Why the Basque Country Is Europe's Best Food Region
2025-04-04 · 7 min read
The Basque Country — straddling the border of Spain and France along the Bay of Biscay — produces more Michelin stars per capita than anywhere else in Europe. But the region's food culture isn't just about fine dining. It's a way of life that extends from three-star restaurants to neighborhood pintxos bars to private cooking clubs called txokos.
San Sebastián is the epicenter. This coastal city of under 200,000 people holds three restaurants with three Michelin stars — Arzak, Martín Berasategui, and Akelarre — plus dozens more with one or two stars. But the old town's pintxos bars are where the culture lives daily. Bar Nestor, Ganbara, and La Cuchara de San Telmo serve small plates that would qualify as tasting menu courses anywhere else.
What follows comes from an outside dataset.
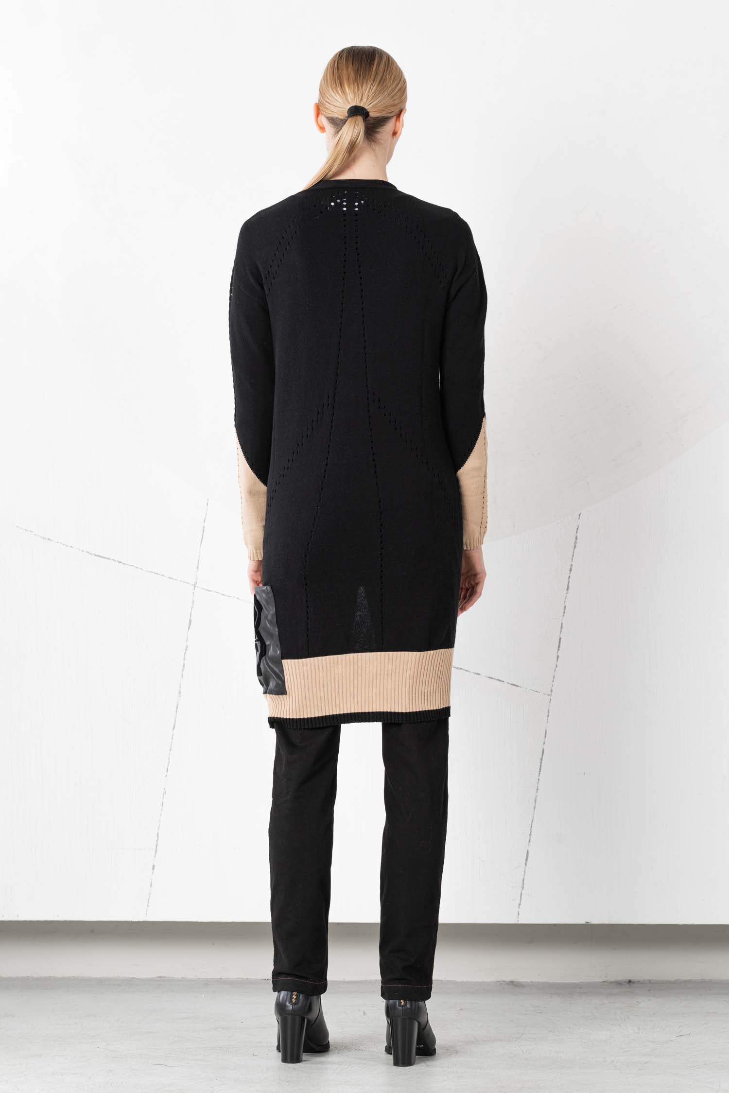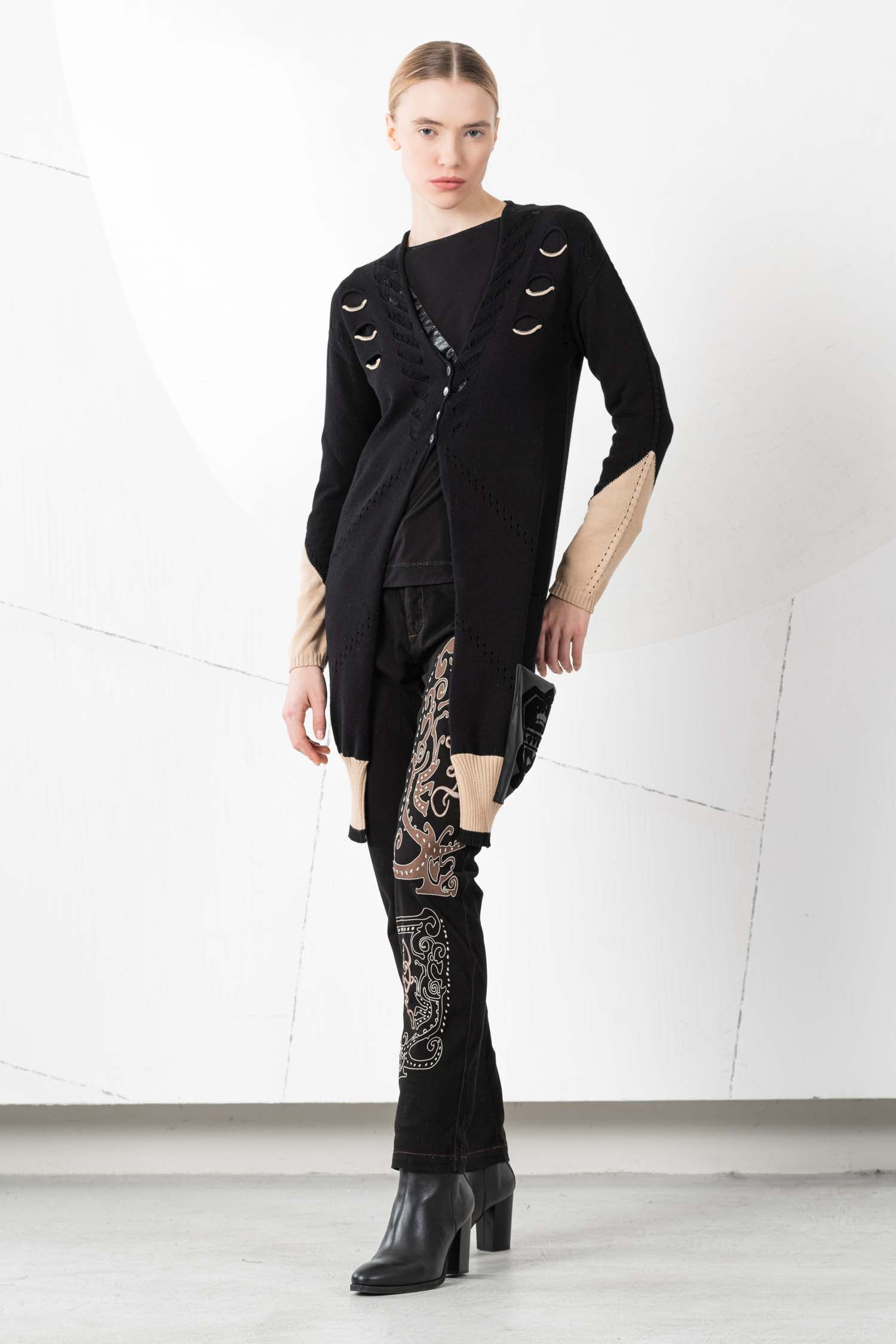 Discover the elegance and versatility of the ELISA CAVALETTI Nero Frizzante cardigan. With its knitted design and long length, it offers not only warm and cozy protection but also a stylish look in black and brown. Perfect for any occasion and every day!

The pintxos tradition is specific and ritualistic. You move from bar to bar, ordering one or two bites at each stop with a glass of txakoli — the region's slightly sparkling white wine. Each bar has its specialty: one does the best anchovy toast, another the best crab salad, a third the best grilled peppers. Locals know the rotation by heart.
Bilbao's food scene has exploded alongside the city's cultural renaissance following the Guggenheim Museum's opening in 1997. The Ribera Market is the largest covered market in Europe and houses stalls selling Basque cheeses, cured meats, and fresh seafood alongside a handful of excellent casual restaurants. Nerua, inside the Guggenheim itself, serves a tasting menu that matches the art on the walls.
The Basque Country's food clubs — txokos — are unique in the world. These private cooking societies, traditionally men-only but increasingly inclusive, are spaces where members cook elaborate meals together using shared kitchens stocked with premium ingredients. Visitors can sometimes access txoko dinners through local connections or organized food tours.
Beyond the cities, the countryside produces the ingredients that fuel everything. Idiazábal cheese from sheep's milk, Espelette peppers from the French side, Gernika peppers from the Spanish side, and txuleta — massive dry-aged bone-in steaks grilled over charcoal — define a culinary tradition that has evolved over centuries without losing its identity.